As you can see from the data, the beginning date for customer 12345 is starting from Jan 2017 and the most recent date is Dec 2017, however, there are missing dates in between the beginning date and the latest date (April and May 2017). While for customer 7891, the beginning date is starting from Jan 2017 and the most recent date is Oct 2017, but there are also missing dates in between the beginning date and the latest date (May and Aug 2017). Hence, in this case, I just want to fill in the missing dates between their beginning date and their latest date available. In other ways, meaning that I want customer 12345 to have date from Jan 2017 to Dec 2017 while customer 7891 to have date from Jan 2017 to Oct 2017 only, with the missing date's and its data fields imputed with missing value ".".  I tried to use proc expand initially (tested on few customers and it succeed), however, proc expand does not allow for big data (around 40millions), and it will show workspace error/failed.

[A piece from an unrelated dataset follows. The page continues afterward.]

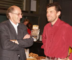 Le président de la Société du Musée de l'Areuse félicitant l'orateur de la soirée, Eddy Jaquet. |

Hence, is there any alternative way to fill in the missing date in between the beginning date and most recent date available for a customer (SAS)? 

1 ACCEPTED SOLUTION

Accepted Solutions
Ksharp
Super User
data have;
infile cards expandtabs truncover;
input Date : monyy. CustomerID	Sales $ Credit $;
format Date  monyy.;
cards;
Jan-17	12345	xx	xx
Feb-17	12345	xx	xx
Mar-17	12345	xx	xx
Jun-17	12345	xx	xx
Jul-17	12345	xx	xx
Aug-17	12345	xx	xx
Sep-17	12345	xx	xx
Oct-17	12345	xx	xx
Nov-17	12345	xx	xx
Dec-17	12345	xx	xx
Jan-17	7891	xx	xx
Feb-17	7891	xx	xx
Mar-17	7891	xx	xx
Apr-17	7891	xx	xx
Jun-17	7891	xx	xx
Jul-17	7891	xx	xx
Sep-17	7891	xx	xx
Oct-17	7891	xx	xx
;

data want;
 merge have have(firstobs=2 keep=Date CustomerID rename=(Date=_Date CustomerID=_CustomerID));
 output;
 if CustomerID=_CustomerID then do;
  do i=1 to intck('month',Date,_Date)-1;
   call missing(Sales, Credit);
   Date=intnx('month',Date,1);
   output;
  end;
 end;
 drop i _:;
 run;

View solution in original post

4 REPLIES 4
Ksharp
Super User
data have;
infile cards expandtabs truncover;
input Date : monyy. CustomerID	Sales $ Credit $;
format Date  monyy.;
cards;
Jan-17	12345	xx	xx
Feb-17	12345	xx	xx
Mar-17	12345	xx	xx
Jun-17	12345	xx	xx
Jul-17	12345	xx	xx
Aug-17	12345	xx	xx
Sep-17	12345	xx	xx
Oct-17	12345	xx	xx
Nov-17	12345	xx	xx
Dec-17	12345	xx	xx
Jan-17	7891	xx	xx
Feb-17	7891	xx	xx
Mar-17	7891	xx	xx
Apr-17	7891	xx	xx
Jun-17	7891	xx	xx
Jul-17	7891	xx	xx
Sep-17	7891	xx	xx
Oct-17	7891	xx	xx
;

data want;
 merge have have(firstobs=2 keep=Date CustomerID rename=(Date=_Date CustomerID=_CustomerID));
 output;
 if CustomerID=_CustomerID then do;
  do i=1 to intck('month',Date,_Date)-1;
   call missing(Sales, Credit);
   Date=intnx('month',Date,1);
   output;
  end;
 end;
 drop i _:;
 run;
heretolearnSAS
Calcite | Level 5

Hi Ksharp, thanks for your prompt response. If let's say I have 50 data fields (other than Sales and Credit listed in the examples only), how could I further amend the code to call missing of those 50 data fields? is there any efficient way than listing the column name one by one down?

 

let's assume there is column 1 to column 50 (data fields for each customer at each observation point)

 

 

Ksharp
Super User
If these variables are set next to each other , you can use mkeintz suggested:
call missing(of a -- x);

a is the first variable,
x is the last variable,
a -- x represent all the variables between a and x.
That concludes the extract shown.